In the records below, find the line with "toma el desquite." and repeat it and every line after it, exactly, without any pictures.
Given entries section start
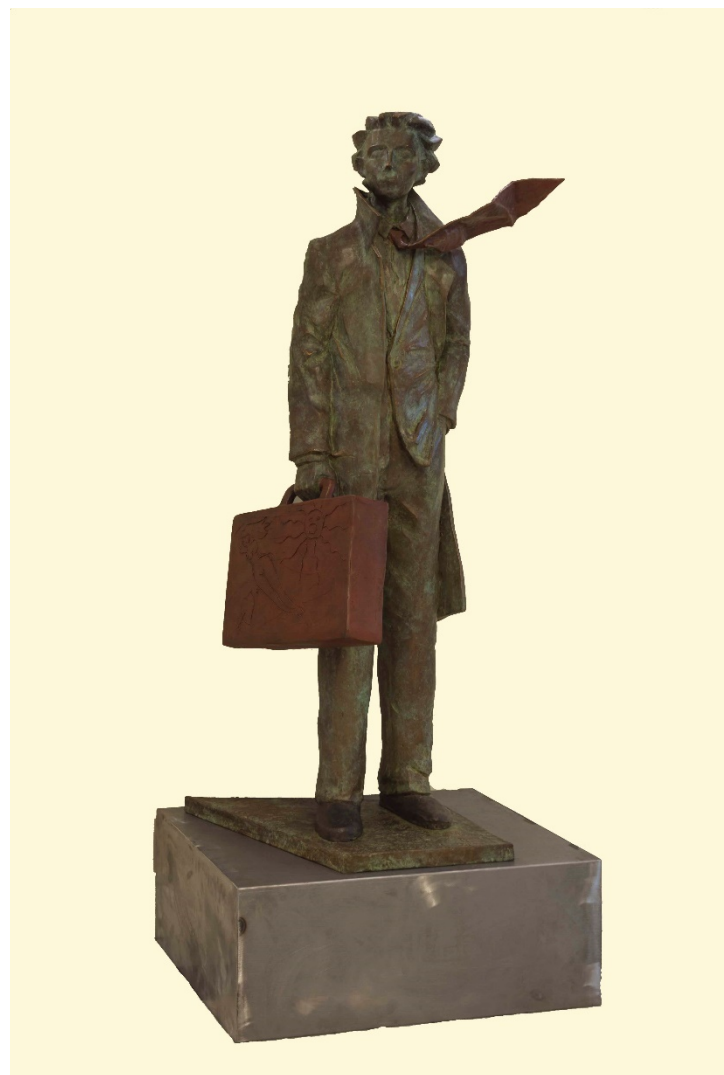
Partenza Giampaolo Talani, 2017., bronzo policromo, 160 cm Collezione della Banca
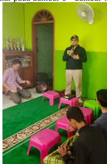
Gambar 6. Sambutan dari Ketua RW. 013 Cipinang Melayu

Kegiatan pelatihan ini diakhiri dengan sambutan dari Ketua RW. 013 Cipinang Melayu, sambutan dari Wakil Rektor I Bidang Akademik, pemberian souvenir kepada mitra dan foto bersama dengan tim tutor dan juga peserta kegiatan. Adapun dokumentasi pada akhir kegiatan dapat dilihat pada Gambar 6 – Gambar 9 .
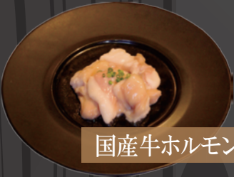
国産牛ホルモン(小腸)
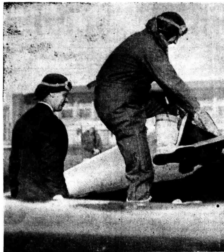
Kolonel Charles Lindbergh dengan mesin terbangnja.

Sesoedah orang 2 doedoek, laoe seorang datoek berdiri dari tempat doedoeknja dan dengan seorang perempoeran ia laoe melakoekan oepa-
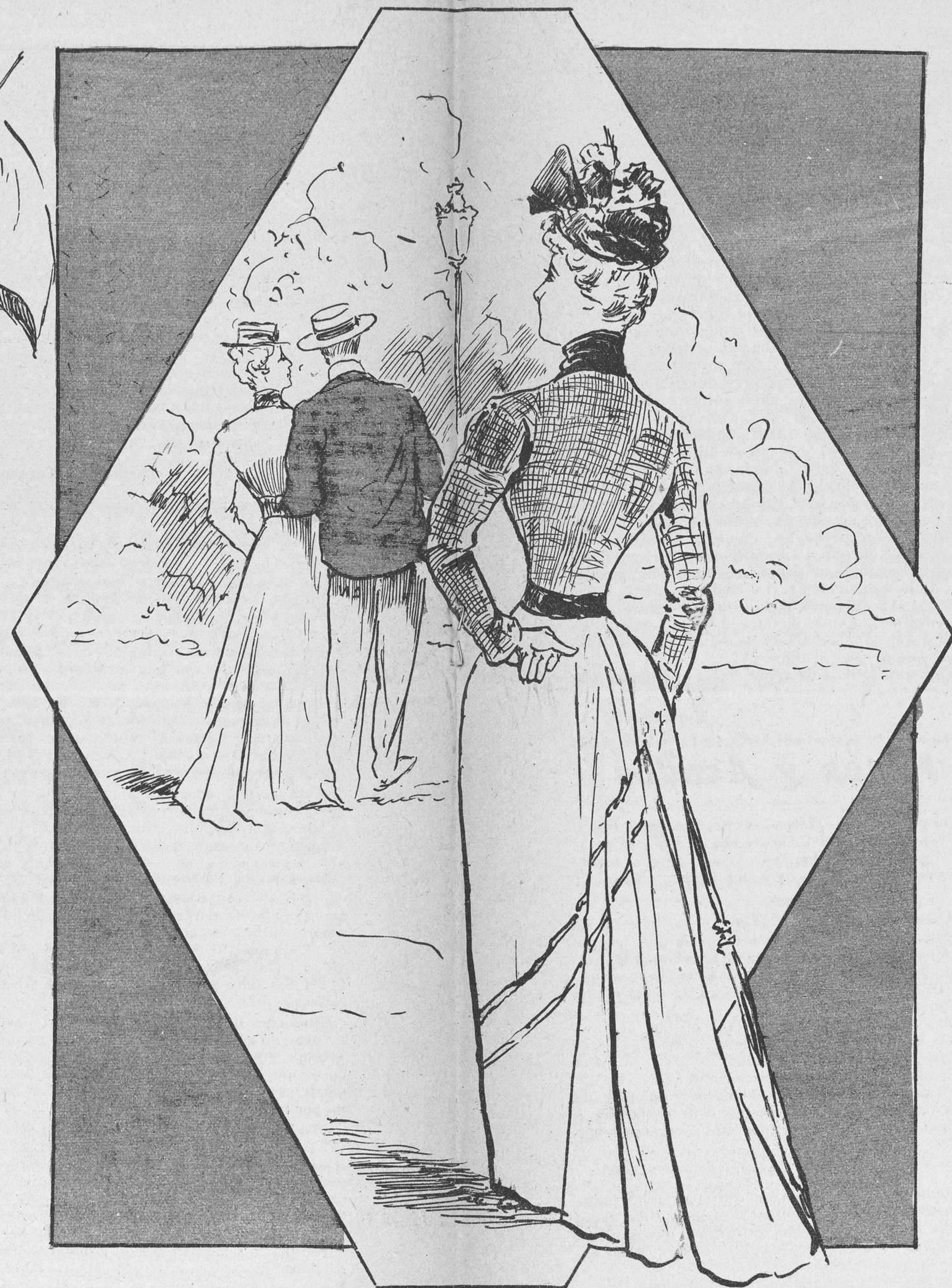
—Si me gusta mi marido es por lo listo, qué pronto se toma el desquite.
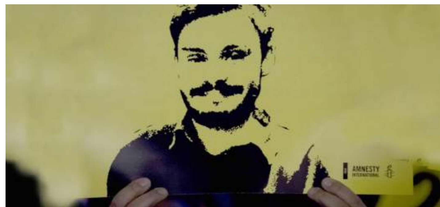
DOCUMENTARIO, 100' Giulio Regeni-Tutto il male del mondo di Simone Manetti
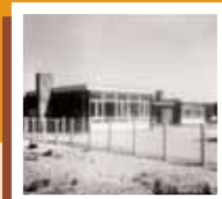
Basisschool 'St. Jozef'
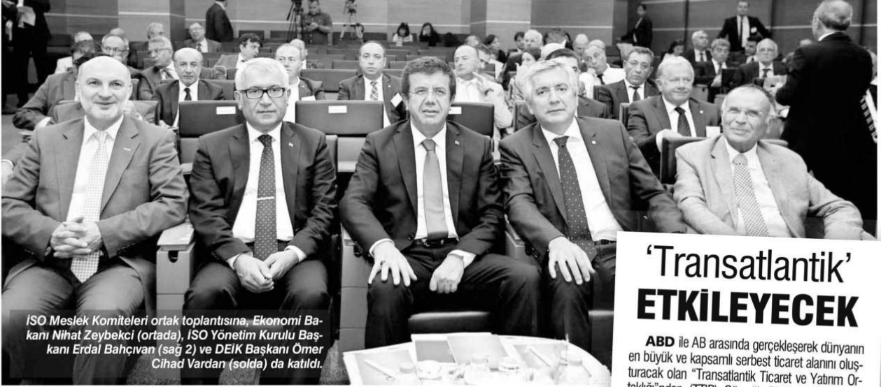
ISO Meslek Komiteleri ortak toplantısına, Ekonomi Bakanı Nihat Zeybekci (ortada), ISO Yönetim Kurulu Başkanı Erdal Bahçivan (sağ 2) ve DEİK Başkanı Omer Cihad Vardan (solda) da katıldı.
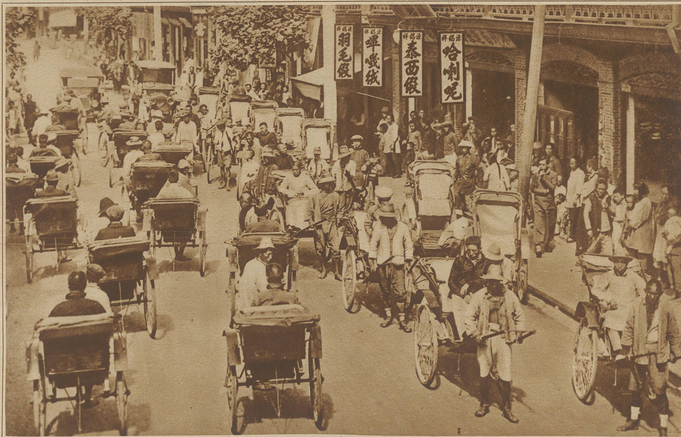
Riksha-Kulis. Trotz der energischen Vorstellungen, die von europäischer Seite zur Abschaffung der Rikshas unternommen wurden, bildet dieses Gefährt auch heute noch das Hauptverkehrsmittel der chinesischen Städte. Stundenlang traben die Kulis mit den Zweiräderkarren «Gass' auf Gass'» ab, bis der «Herr» gütigst aussteigen geruht und ihnen während seines Aufenthaltes im Teehaus oder Bazar einige Minuten der verdienten Ruhe gönnt. Wie lange mag es noch dauern, bis das Automobil als modernes Verkehrsmittel dieses, die Menschheit entwürdigende Bild, aus den Gassen verdrängt
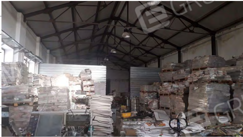
Foto n.6: immagine interna della zona adibita a confezionamento ubicata al piano terra.
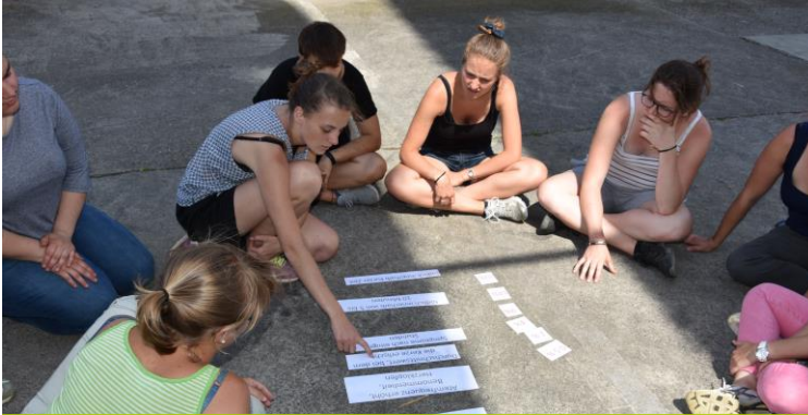
LANDW. INSTITUTIONEN (LBBZ, FORSCHUNG, HEIMBETRIEBE, JVA)
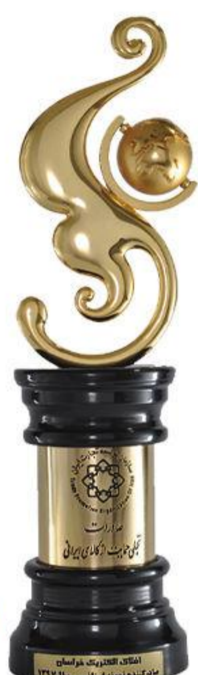
صادر کننده نمونه استانی ۸ سال متوالی
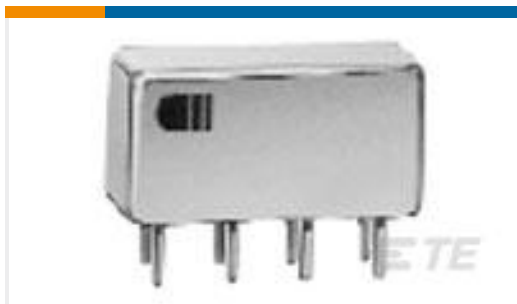
TE 产品编号1-1617039-8 HMS1201S004 = 2100 HMS RELAY
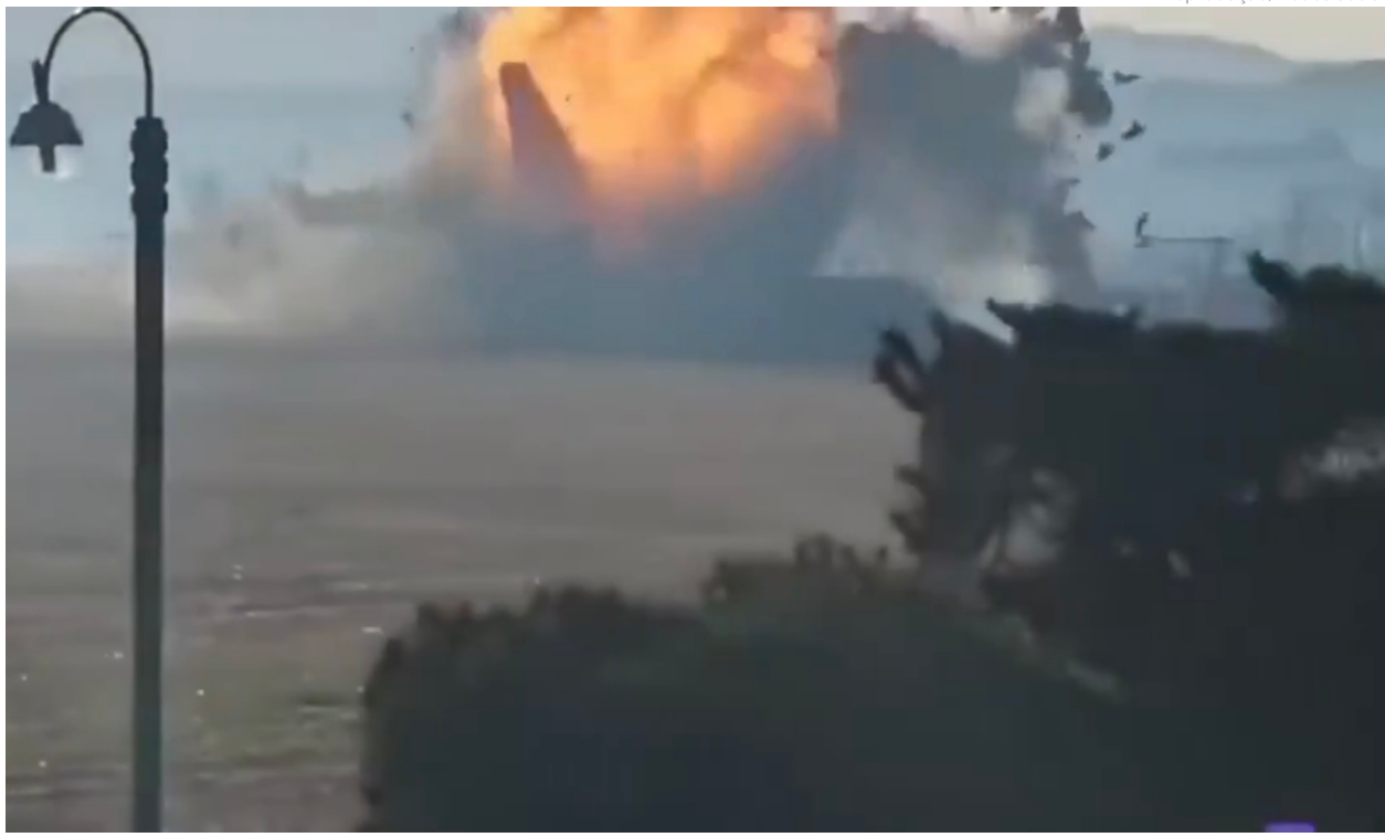
Durante o pouso, o avião da Jeju Air tocou o solo do Aeroporto Internacional de Muan, mas saiu da pista em alta velocidade e colidiu contra um muro, resultando em uma explosão

Da Redação redacao.jornal@redebeneews.com.br
Given entries section end
Answer for the task
—Si me gusta mi marido es por lo listo, qué pronto se toma el desquite.
DOCUMENTARIO, 100' Giulio Regeni-Tutto il male del mondo di Simone Manetti
Basisschool 'St. Jozef'
ISO Meslek Komiteleri ortak toplantısına, Ekonomi Bakanı Nihat Zeybekci (ortada), ISO Yönetim Kurulu Başkanı Erdal Bahçivan (sağ 2) ve DEİK Başkanı Omer Cihad Vardan (solda) da katıldı.
Riksha-Kulis. Trotz der energischen Vorstellungen, die von europäischer Seite zur Abschaffung der Rikshas unternommen wurden, bildet dieses Gefährt auch heute noch das Hauptverkehrsmittel der chinesischen Städte. Stundenlang traben die Kulis mit den Zweiräderkarren «Gass' auf Gass'» ab, bis der «Herr» gütigst aussteigen geruht und ihnen während seines Aufenthaltes im Teehaus oder Bazar einige Minuten der verdienten Ruhe gönnt. Wie lange mag es noch dauern, bis das Automobil als modernes Verkehrsmittel dieses, die Menschheit entwürdigende Bild, aus den Gassen verdrängt
Foto n.6: immagine interna della zona adibita a confezionamento ubicata al piano terra.
LANDW. INSTITUTIONEN (LBBZ, FORSCHUNG, HEIMBETRIEBE, JVA)
صادر کننده نمونه استانی ۸ سال متوالی
TE 产品编号1-1617039-8 HMS1201S004 = 2100 HMS RELAY
Durante o pouso, o avião da Jeju Air tocou o solo do Aeroporto Internacional de Muan, mas saiu da pista em alta velocidade e colidiu contra um muro, resultando em uma explosão

Da Redação redacao.jornal@redebeneews.com.br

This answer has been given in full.